La famiglia d’origine, in questo, è un capitolo a parte: affetto, sì, ma anche aspettative che non hanno quasi mai voluto fare i conti con chi sei davvero — e le conseguenze te le porti addosso.
E poi c’è Milano. Una città splendida, ma che non mente: ti sbatte davanti la verità senza filtri, senza attenuanti, con una franchezza quasi clinica. Se vuoi fare sul serio, in tutto , devi stare qui. È un rito di passaggio che non tutti dichiarano, ma tutti conoscono.
Chi è fuori da questo mondo spesso non capisce — e, il più delle volte, non vuole nemmeno provarci. Anche perché, come detto in precedenza, vivere di musica oggi non è più come una volta: senza un vero business discografico è davvero difficile. A volte sembra di scalare una parete di specchi insaponata.

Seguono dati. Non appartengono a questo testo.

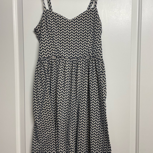 Womens sun dress size medium with pockets. Super comfortable spaghetti strap dress, above the knee length. Blue and white stripes. Good condition

Così perdi persone, abitudini, affetti. Ti ritrovi per un po’ sospeso tra due vite, e devi scegliere: quella che lasci alle spalle per quella che stai costruendo. E a volte ti senti perfino in colpa… semplicemente perché hai scelto di essere te stesso.
Non è vittimismo. È lucidità. Fare musica per lavoro — non per hobby, non per passatempo — ti chiede più di quanto uno possa immaginare. E ogni mattina ti rimette davanti la domanda: “Quanto sei disposto a dare oggi? E domani? E il giorno dopo ancora?” È una domanda che non fa sconti, non accetta scuse, non aspetta nessuno.
Poi, per fortuna, ci sono gli incontri giusti. Io considero un privilegio — non un merito — aver incontrato mia moglie. È una rarità trovare qualcuno che non solo ti accompagna, ma comprende davvero le ragioni profonde delle tue scelte, i tuoi silenzi, le tue rabbie, i rientri tardi e stanchi. Qualcuno che ti vede per ciò che sei, non per ciò che sarebbe più comodo tu fossi. Una fortuna enorme, tutt’altro che scontata.
Il resto lo devo alla musica. Alla musica devo la sicurezza che un tempo non avevo, una voce interiore più solida, un carattere costruito passo dopo passo. A lei devo gli amici che ho oggi, la casa in cui vivo, e quella sensazione preziosa — rarissima — di avere tra le mani un mestiere vero: imperfetto, faticoso, ma mio.
Un mestiere che mi ha permesso di restare me stesso. O meglio, di scoprire chi ero e chi sono.
Alla fine, credo che il vero sacrificio sia stato questo: lasciar andare ciò che non ero, per diventare finalmente ciò che sono. Un sacrificio , fatto di scelte concrete e quotidiane — ma che rifarei esattamente allo stesso modo. Solo molto prima.